Dynamics à la Lagrange:
One of the advantages of Lagrangian over Newtonian mechanics is that it's often easier to write down some scalar 'energy' that characterises our system than it is to specify the vectorial forces acting on it. With no external influences present, we want an action that, when extremised, gives us geodesics. For massive particles, we can employ the definition of geodesic familiar from Riemannian geometry – action equals length:
$$S = m\int\mathrm{d}\tau = m\int \mathrm{d}\lambda \sqrt{-g_{\mu \nu}\frac{\mathrm{d}x^\mu}{\mathrm{d}\lambda}\frac{\mathrm{d}x^\nu}{\mathrm{d}\lambda}} \,.$$
It's a worthwhile exercise to check that this indeed yields the geodesic equation when extremised (note that one should be careful about the limits on the integral when performing the variation!).
With this free-particle action in place, it's a simple matter to add extra terms that capture the effect of interactions of the particle with external fields or other particles.
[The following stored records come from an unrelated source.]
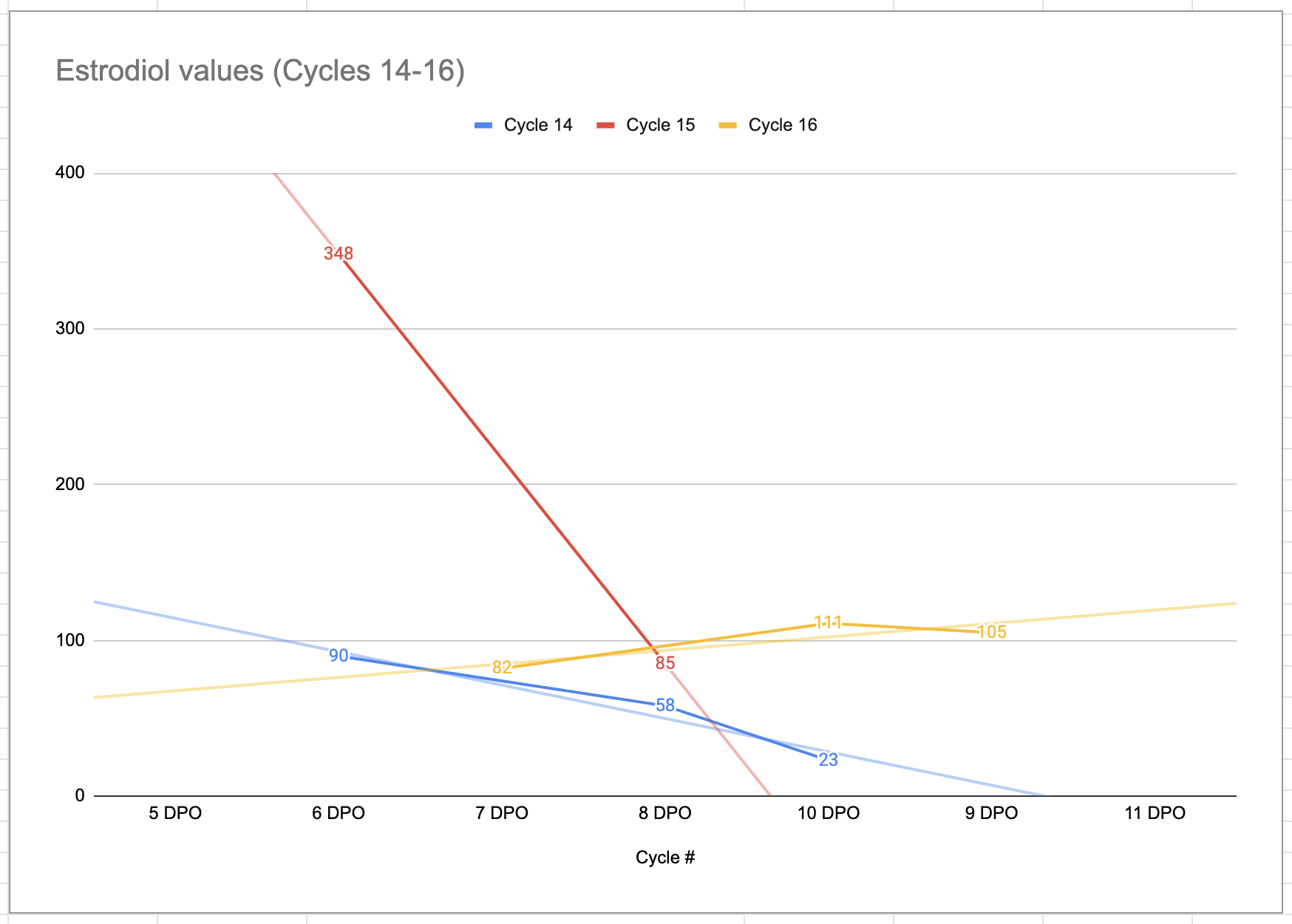 I also have an update on my "progesterone study" since I continued it last cycle (also E2 levels). I did hCG micro-dosing with 20 units (i.e. 200IU) every day from 3-10DPO and also 200mg of prometrium 3-13DPO, and it really helped keep my progesterone levels up! Then again, when I brought this up with our new RE, he did confirm that vaginally inserted prometrium / endometrin delivers progesterone locally, so it won't reflect in the blood very much. But that doesn't mean that I don't have enough progesterone in the uterus. Anyways, enjoy these graphs & charts.
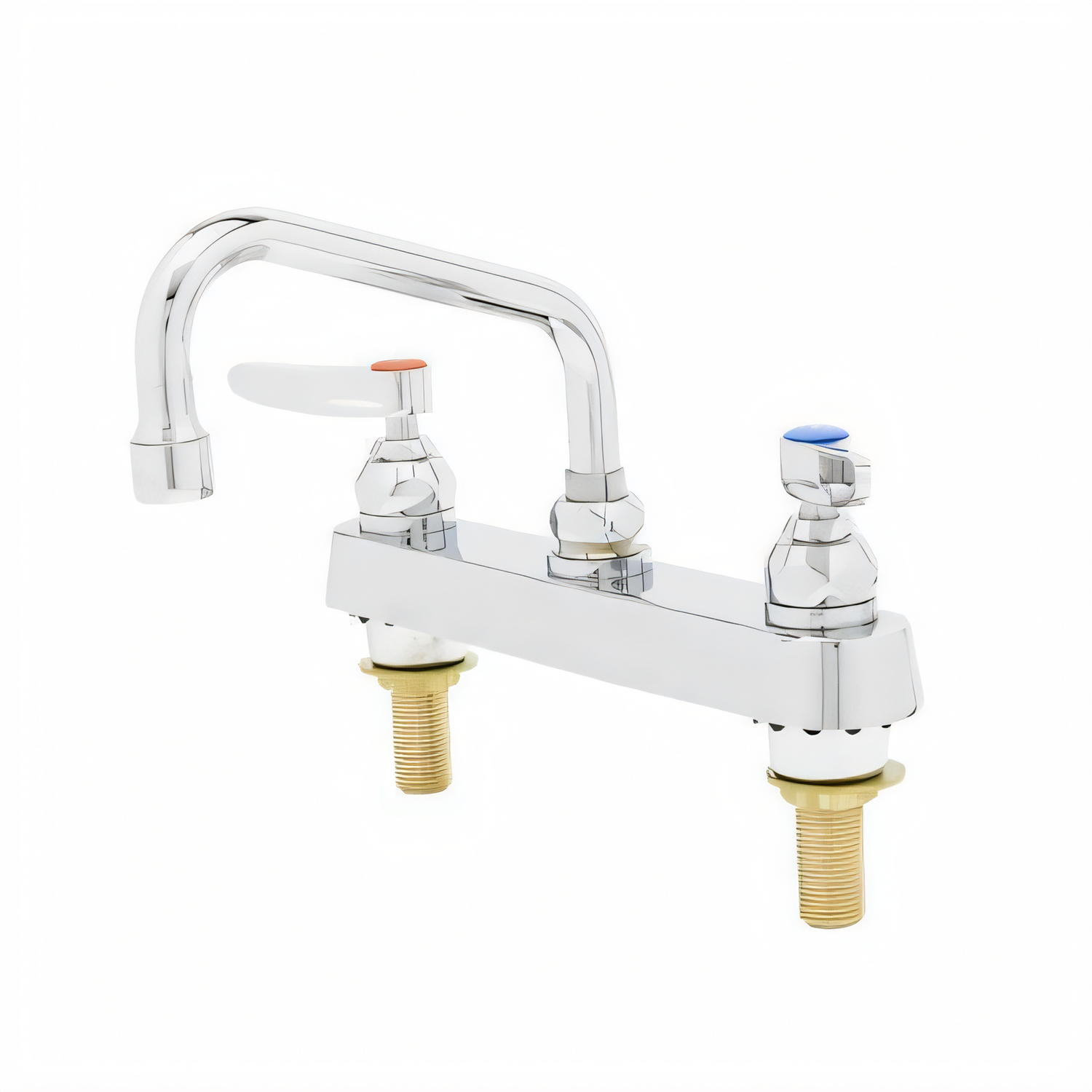 Workboard Faucet, deck mount, 8" centers, 10" swing nozzle with 2.2 GPM VR aerator, quarter-turn Cerama cartridges with spring checks, lever handles with color-coded indexes, 1/2" NPSM extended male inlets, low lead, cCSAus, ADA Compliant
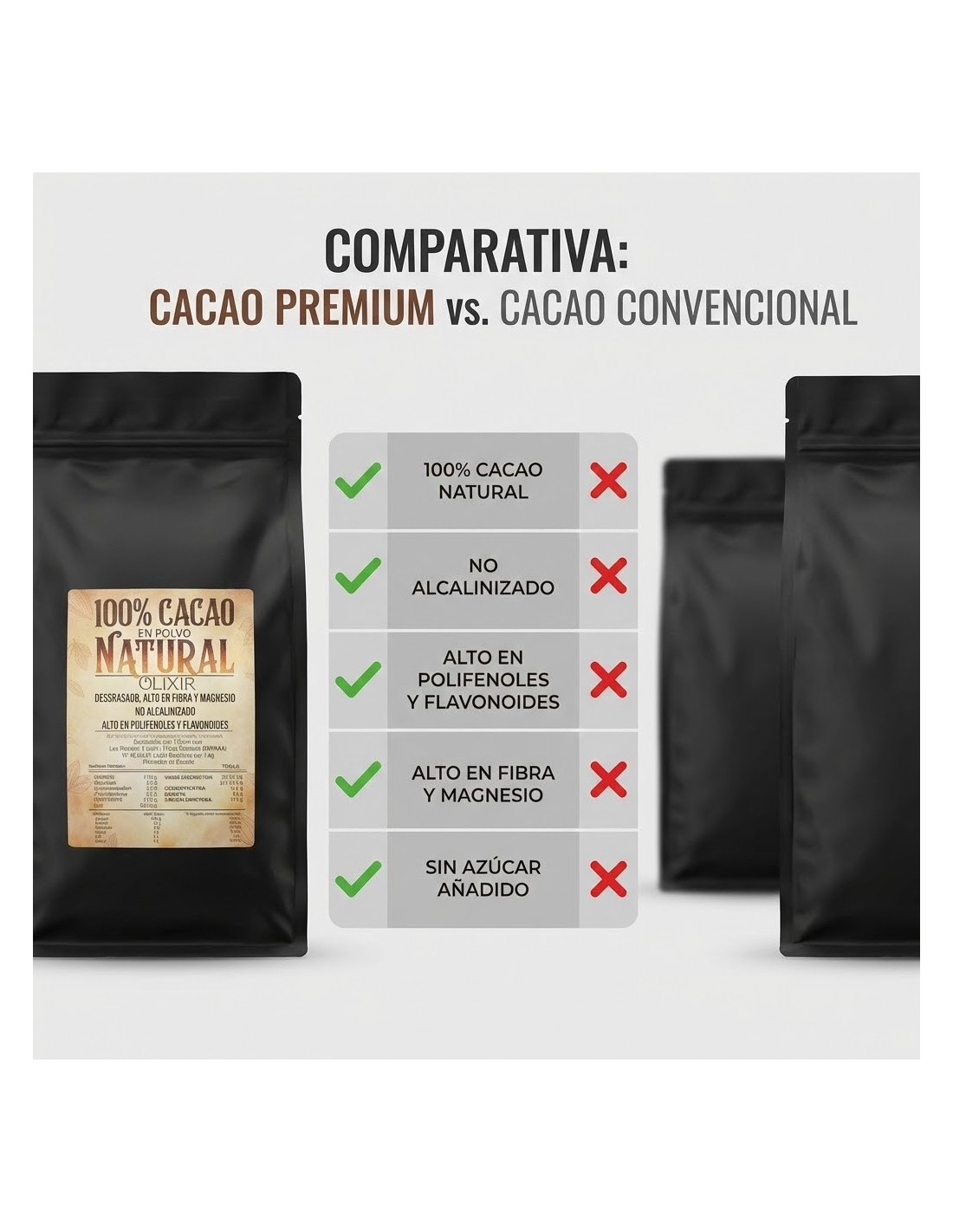 Una Bomba de Antioxidantes (¡sin filtro!): Cuando el cacao no se "lava" (alcaliniza), mantiene intactos sus superpoderes: los antioxidantes. Son como pequeños soldados que protegen tus células del envejecimiento y de enfermedades. Al acostumbrarte al sabor puro, ¡estás recibiendo una dosis máxima de este escudo protector!
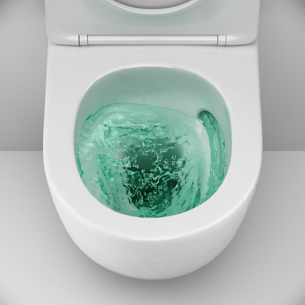 Ця технологія забезпечує більш якісне омивання чаші, ніж традиційні системи змиву, і при цьому економить воду до 50 %.крім того, вона знижує рівень шуму при змиві і виключає бризки води, що робить використання унітазу більш комфортним і гігієнічним.
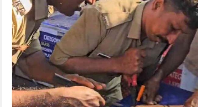 സ്കൂള് ഗ്രൗണ്ടില് കളിക്കുന്നതിനിടെ വിദ്യാര്ഥിയുടെ കൈപ്പത്തിയിൽ പലകസഹിതം ആണി തുളഞ്ഞുകയറി. ഉടന്തന്നെ കുട്ടിയെ ജില്ല ആശുപത്രിയിലെത്തിച്ചെങ്കിലും ആണിയും പലകയും നീക്കാനായില്ല. ആശുപത്രി അധികൃതര് അറിയിച്ചതിനെ തുടര്ന്ന് കാഞ്ഞങ്ങാട്ടുനിന്ന് അഗ്നിരക്ഷാസേനയെത്തി കുട്ടിയെ രക്ഷപ്പെടുത്തി.

If an electromagnetic field is present, the action becomes
$$ S = m\int \mathrm{d} \tau - q \int \mathrm{d} \tau A_\mu \frac{\mathrm{d}x^\mu}{\mathrm{d}\tau} \,. $$
For massless particles this picture is complicated by the fact that every null path has zero length. To talk about the Lagrangian mechanics of massless particles, we need to introduce a new action which contains a Lagrange multiplier $e(\lambda)$ defined along the worldline. The following action is valid for particles of any mass:
$$ S = \frac{1}{2} \int \mathrm{d} \lambda \left(\frac{1}{e(\lambda)} g_{\mu \nu}\frac{\mathrm{d}x^\mu}{\mathrm{d}\lambda}\frac{\mathrm{d}x^\nu}{\mathrm{d}\lambda} - m^2 e(\lambda)\right)\,.$$
This is a technical point – more information can be found in this and this stackexchange post. At the end of the day, we're defining these actions so that they return the geodesic equation when extremised. Adding extra terms to the action to account for interactions is then often easier than adding extra terms directly to the geodesic equation.
Dynamics à la Hamilton:
Perhaps some other time; this answer is already long enough. Let me just note here that it is entirely possible to formulate a Hamiltonian approach to particle dynamics in a curved spacetime, but a little tricky. There are additional subtleties associated with the fact that the conjugate momenta are not independent – they satisfy a mass-shell constraint – which compels us to include a Lagrange multiplier as above. For more information see these lecture notes by Paul Townsend.
In general relativity, in the absence of other fields, point particles move along geodesics. Note that a Newtonian potential is replaced in general relativity by a component of the metric. In the presence of other fields, the motion need no longer be geodetic.
More specifically, for a particle of constant mass $m>0$ and charge $e$, there is a simple covariant Hamiltonian description: In the presence of a gravitational field (metric tensor) $G(x)$ and an electromagnetic field $A(x)$, the Hamiltonian is given by $$H=\frac{1}{2m}(p+eA(q))^TG(q)(p+eA(q)).$$ This Hamiltonian generates the trajectory parameterized by the particle's eigentime. For an uncharged particle (or in the absence of an electromagnetic field) this reduced to $H=p^TG(q)p/2m$, which gives the geodetic motion.
Details are discussed, e.g., in Thirring's course in mathematical Physics, Part I, Chapter 5.